Take the lines below from the one with "但以 O 点为轴,支撑力" through the one with "Это платье из" and retype them exactly. Include nothing else, and no pictures.

-------- ENTRIES SHOWN

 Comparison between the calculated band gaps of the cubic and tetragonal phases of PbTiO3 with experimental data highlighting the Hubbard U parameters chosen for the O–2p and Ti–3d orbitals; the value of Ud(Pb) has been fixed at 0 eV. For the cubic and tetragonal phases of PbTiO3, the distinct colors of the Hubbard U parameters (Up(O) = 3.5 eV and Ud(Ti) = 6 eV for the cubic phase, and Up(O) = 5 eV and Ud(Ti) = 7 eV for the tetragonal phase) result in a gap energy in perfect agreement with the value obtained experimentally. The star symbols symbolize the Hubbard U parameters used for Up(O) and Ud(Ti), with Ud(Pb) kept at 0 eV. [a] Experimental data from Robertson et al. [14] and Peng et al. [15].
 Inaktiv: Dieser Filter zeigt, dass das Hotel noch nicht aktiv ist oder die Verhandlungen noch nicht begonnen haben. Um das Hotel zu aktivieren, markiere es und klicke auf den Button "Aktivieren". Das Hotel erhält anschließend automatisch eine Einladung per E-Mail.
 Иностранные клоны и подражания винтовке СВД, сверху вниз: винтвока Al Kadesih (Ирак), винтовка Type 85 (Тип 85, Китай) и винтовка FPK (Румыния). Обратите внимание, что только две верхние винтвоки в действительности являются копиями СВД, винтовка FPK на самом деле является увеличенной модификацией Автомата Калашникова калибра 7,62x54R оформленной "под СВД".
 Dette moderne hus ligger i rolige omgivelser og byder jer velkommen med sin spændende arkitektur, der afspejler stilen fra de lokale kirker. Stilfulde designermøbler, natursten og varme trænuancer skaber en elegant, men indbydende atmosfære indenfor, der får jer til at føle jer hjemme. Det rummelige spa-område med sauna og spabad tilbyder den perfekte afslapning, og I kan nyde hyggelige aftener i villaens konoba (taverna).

----------------
-------- ENTRIES SHOWN

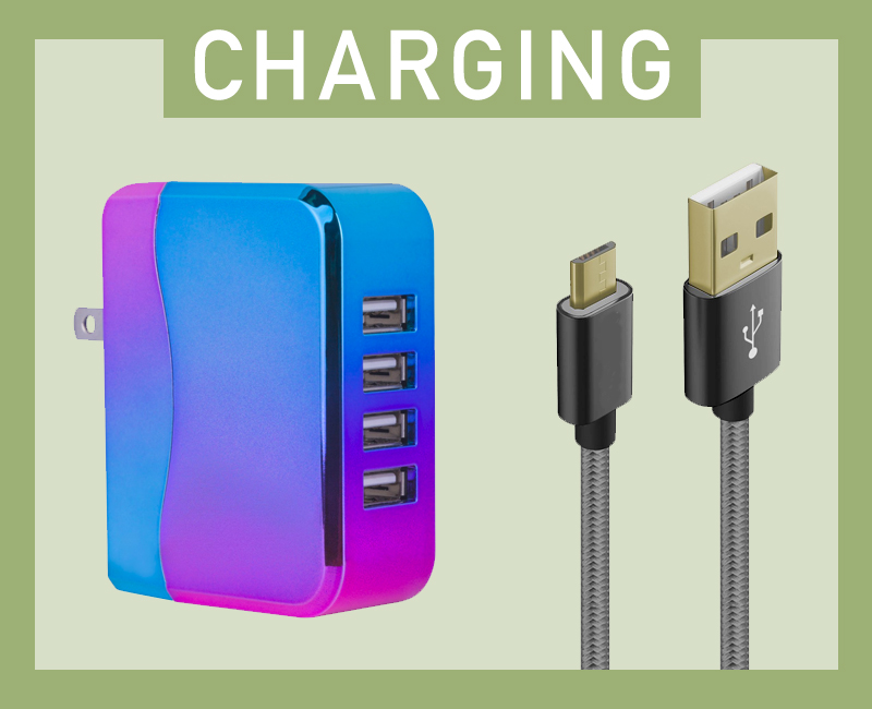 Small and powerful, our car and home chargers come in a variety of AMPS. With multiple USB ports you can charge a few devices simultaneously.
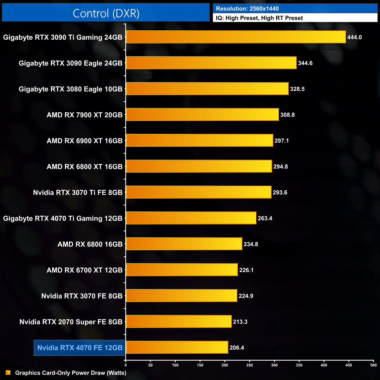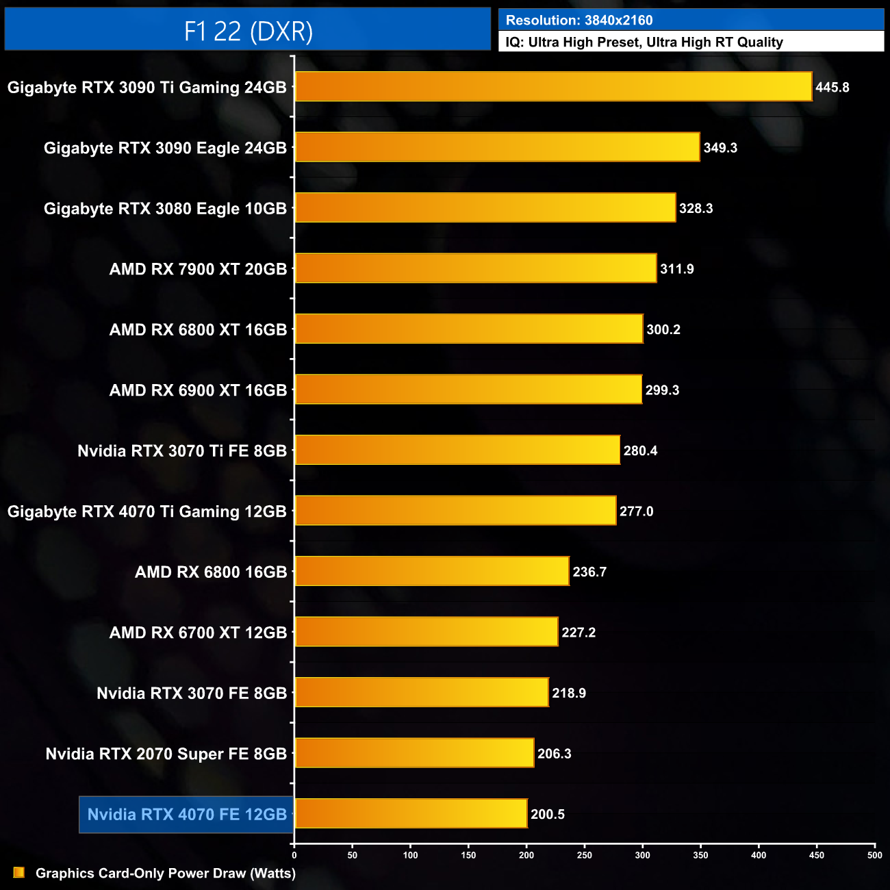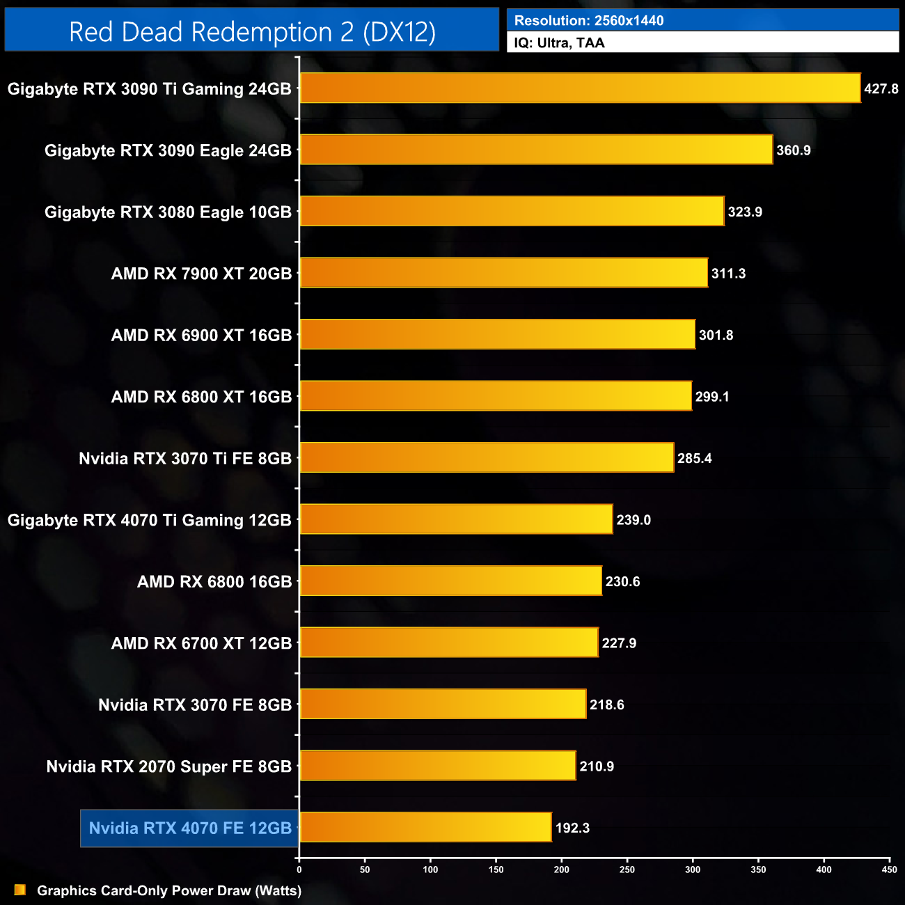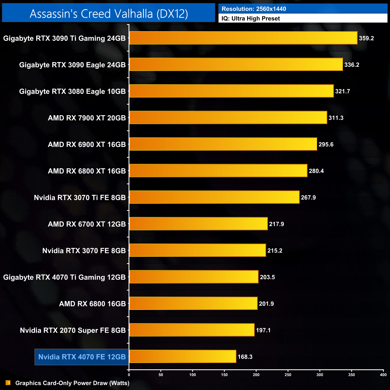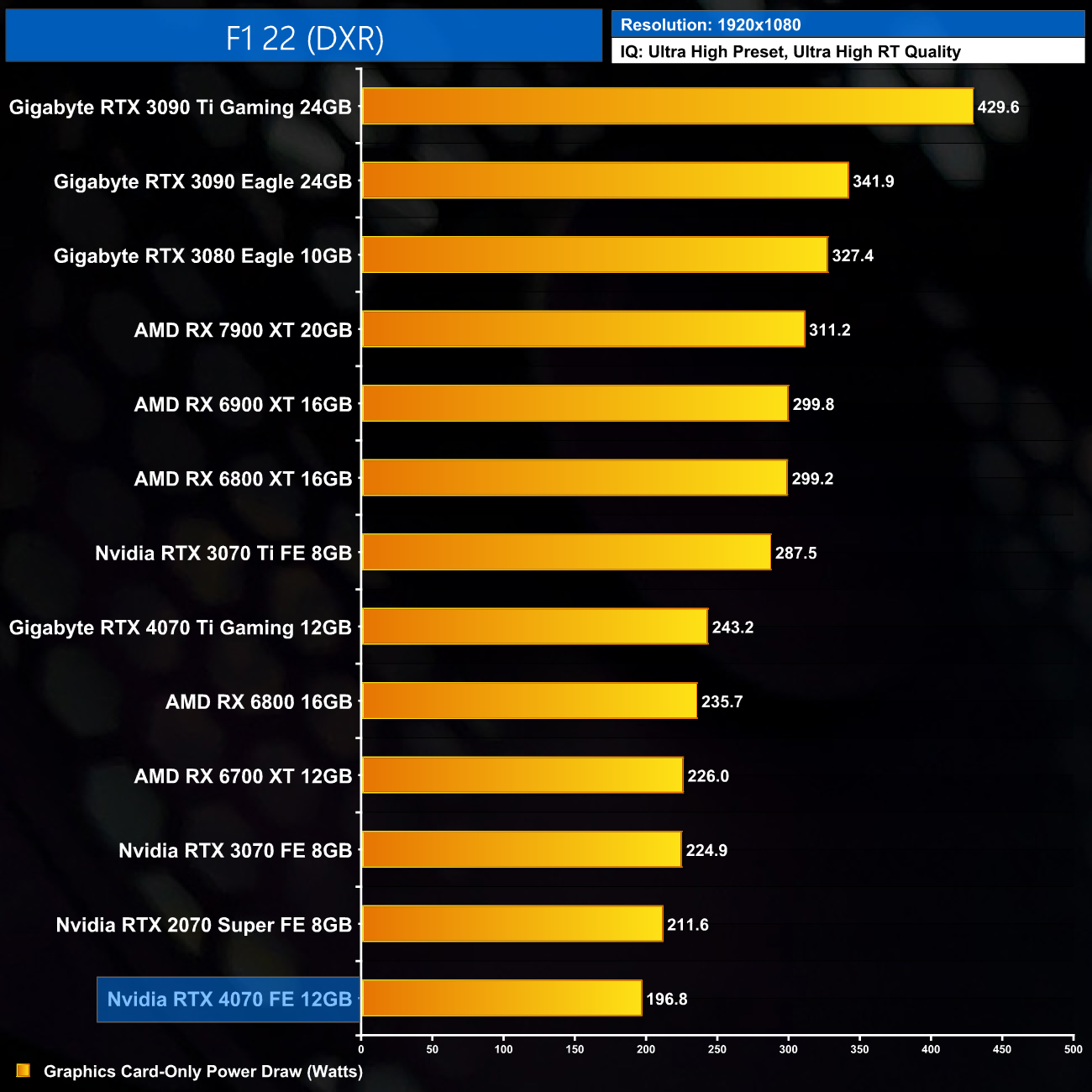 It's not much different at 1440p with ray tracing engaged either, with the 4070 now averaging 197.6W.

----------------
-------- ENTRIES SHOWN

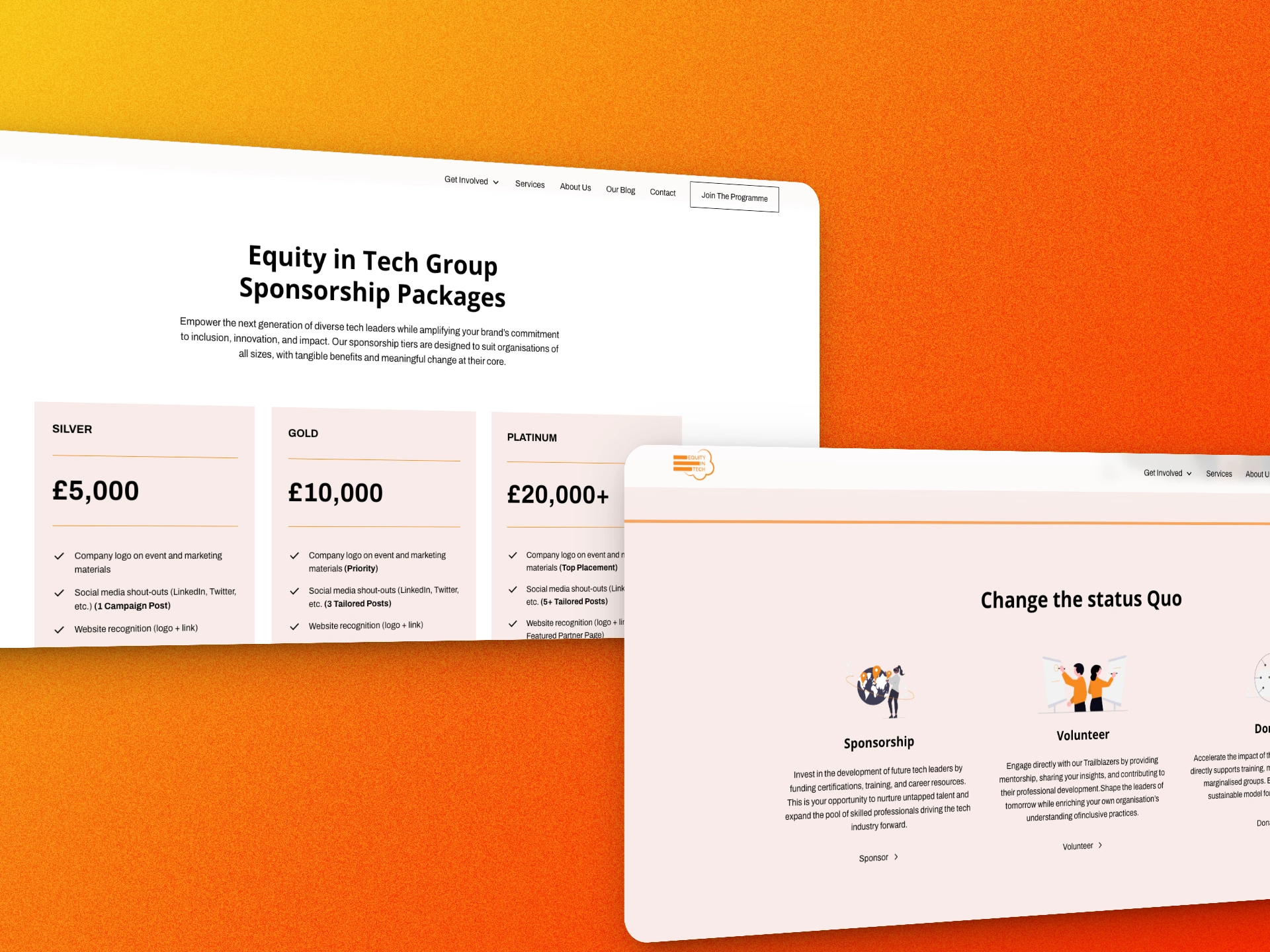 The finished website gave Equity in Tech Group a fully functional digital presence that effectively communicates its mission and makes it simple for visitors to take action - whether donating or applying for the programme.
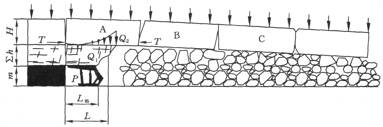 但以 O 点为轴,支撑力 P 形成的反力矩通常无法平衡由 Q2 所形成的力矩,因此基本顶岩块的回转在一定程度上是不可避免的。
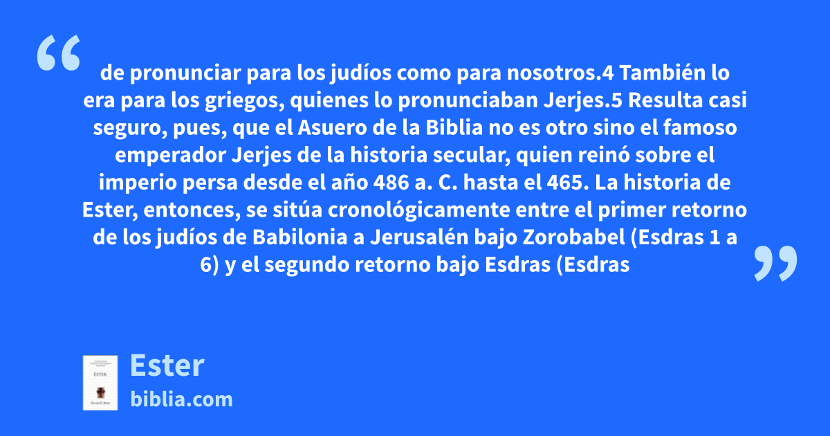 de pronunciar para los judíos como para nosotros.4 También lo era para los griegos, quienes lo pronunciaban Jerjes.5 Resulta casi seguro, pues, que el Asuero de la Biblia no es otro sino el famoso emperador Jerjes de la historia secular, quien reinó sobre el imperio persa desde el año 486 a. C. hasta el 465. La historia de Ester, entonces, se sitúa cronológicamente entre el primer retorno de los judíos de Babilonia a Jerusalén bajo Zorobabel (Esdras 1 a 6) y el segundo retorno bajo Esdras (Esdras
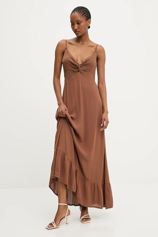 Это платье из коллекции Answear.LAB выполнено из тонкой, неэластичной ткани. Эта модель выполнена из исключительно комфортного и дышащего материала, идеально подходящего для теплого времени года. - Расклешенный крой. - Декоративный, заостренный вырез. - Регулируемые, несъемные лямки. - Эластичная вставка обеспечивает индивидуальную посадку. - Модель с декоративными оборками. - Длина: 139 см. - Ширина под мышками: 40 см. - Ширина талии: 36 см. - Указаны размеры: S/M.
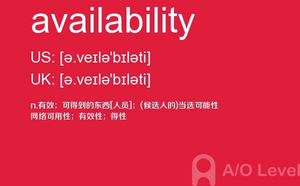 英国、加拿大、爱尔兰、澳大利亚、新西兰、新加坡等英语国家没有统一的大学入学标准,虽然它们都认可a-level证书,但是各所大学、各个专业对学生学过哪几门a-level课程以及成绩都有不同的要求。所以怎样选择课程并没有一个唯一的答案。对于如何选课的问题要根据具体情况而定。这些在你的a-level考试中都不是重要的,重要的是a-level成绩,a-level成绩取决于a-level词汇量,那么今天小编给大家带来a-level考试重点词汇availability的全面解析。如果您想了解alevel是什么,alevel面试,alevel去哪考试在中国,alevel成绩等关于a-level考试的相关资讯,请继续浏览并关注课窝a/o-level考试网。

----------------

**SOLUTION TO THE EXERCISE**
 但以 O 点为轴,支撑力 P 形成的反力矩通常无法平衡由 Q2 所形成的力矩,因此基本顶岩块的回转在一定程度上是不可避免的。
 de pronunciar para los judíos como para nosotros.4 También lo era para los griegos, quienes lo pronunciaban Jerjes.5 Resulta casi seguro, pues, que el Asuero de la Biblia no es otro sino el famoso emperador Jerjes de la historia secular, quien reinó sobre el imperio persa desde el año 486 a. C. hasta el 465. La historia de Ester, entonces, se sitúa cronológicamente entre el primer retorno de los judíos de Babilonia a Jerusalén bajo Zorobabel (Esdras 1 a 6) y el segundo retorno bajo Esdras (Esdras
 Это платье из коллекции Answear.LAB выполнено из тонкой, неэластичной ткани. Эта модель выполнена из исключительно комфортного и дышащего материала, идеально подходящего для теплого времени года. - Расклешенный крой. - Декоративный, заостренный вырез. - Регулируемые, несъемные лямки. - Эластичная вставка обеспечивает индивидуальную посадку. - Модель с декоративными оборками. - Длина: 139 см. - Ширина под мышками: 40 см. - Ширина талии: 36 см. - Указаны размеры: S/M.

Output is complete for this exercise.